Give back exactly the lines that start at the one containing "Oberbürgermeister Dr. Paul" and run to the end of the material, leaving out the pictures.

▶ _DATASET EXTRACT_:
Segment Open

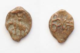| Description / विवरण | On the obverse Elephant facing left above it taurine is depicted. On the reverse three arched hill with swastik is depicted. |
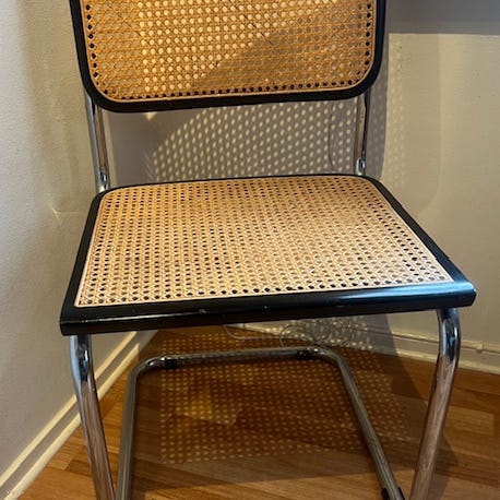 Marcel Breuer designade sin Cesca-stol redan 1928 och den har aldrig blivit omodern. Sitsarna på dessa har fått ny fransk rotting av hög kvalitet monterad. Rottingen i ryggstöden är hel och är fint patinerad.
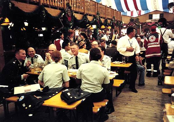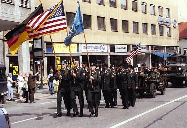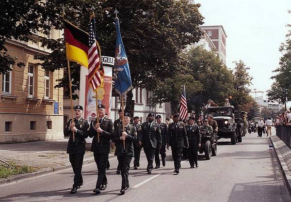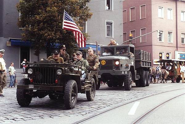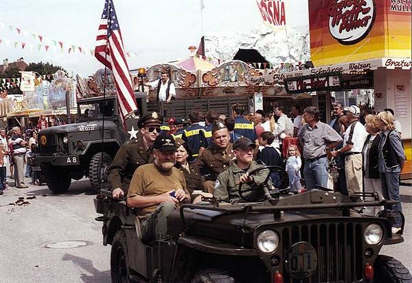 Oberbürgermeister Dr. Paul Wengert begrüßte zusammen mit 2. Bürgermeister Klaus Kirchner und Stadtrat Theo Gandenheimer die amerikanischen Gäste bei einem Umtrunk auf der Maximilianstraße, bevor sich die US-Abordnung zwischen Chevrolet-Straßenkreuzer, Willys-Jeep und Reo-Truck auf den Weg zum Plärrergelände begab. Für die Repräsentation wurden Vereinsflyer mit Lollis und Kaugummis an die Menschenreihen am Straßenrand gereicht. Die Augsburger Bevölkerung zollte den US-Soldaten bemerkenswerten Beifall, womit dem Verein ein würdigender Brückenschlag zwischen Bürgern und den unvergessenen Amerikanern gelang.
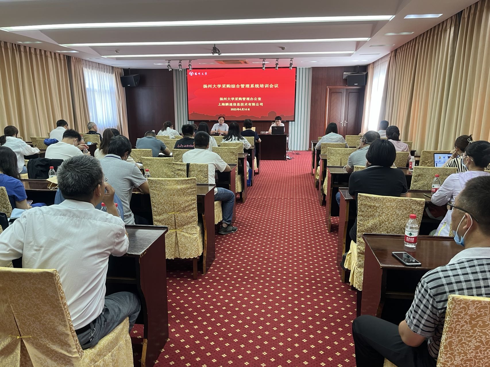 6月16日下午,采购管理办公室在瘦西湖校区虹桥专家楼三楼会议室举办“采购综合管理系统”培训会。刘定岭主任主持会议,我办全体人员,学校五大采购部门、保卫处、信息化建设与管理处、工会以及社会代理机构等相关人员参加了培训。

Segment Closed

▶ _RESPONSE_:
 Oberbürgermeister Dr. Paul Wengert begrüßte zusammen mit 2. Bürgermeister Klaus Kirchner und Stadtrat Theo Gandenheimer die amerikanischen Gäste bei einem Umtrunk auf der Maximilianstraße, bevor sich die US-Abordnung zwischen Chevrolet-Straßenkreuzer, Willys-Jeep und Reo-Truck auf den Weg zum Plärrergelände begab. Für die Repräsentation wurden Vereinsflyer mit Lollis und Kaugummis an die Menschenreihen am Straßenrand gereicht. Die Augsburger Bevölkerung zollte den US-Soldaten bemerkenswerten Beifall, womit dem Verein ein würdigender Brückenschlag zwischen Bürgern und den unvergessenen Amerikanern gelang.
 6月16日下午,采购管理办公室在瘦西湖校区虹桥专家楼三楼会议室举办“采购综合管理系统”培训会。刘定岭主任主持会议,我办全体人员,学校五大采购部门、保卫处、信息化建设与管理处、工会以及社会代理机构等相关人员参加了培训。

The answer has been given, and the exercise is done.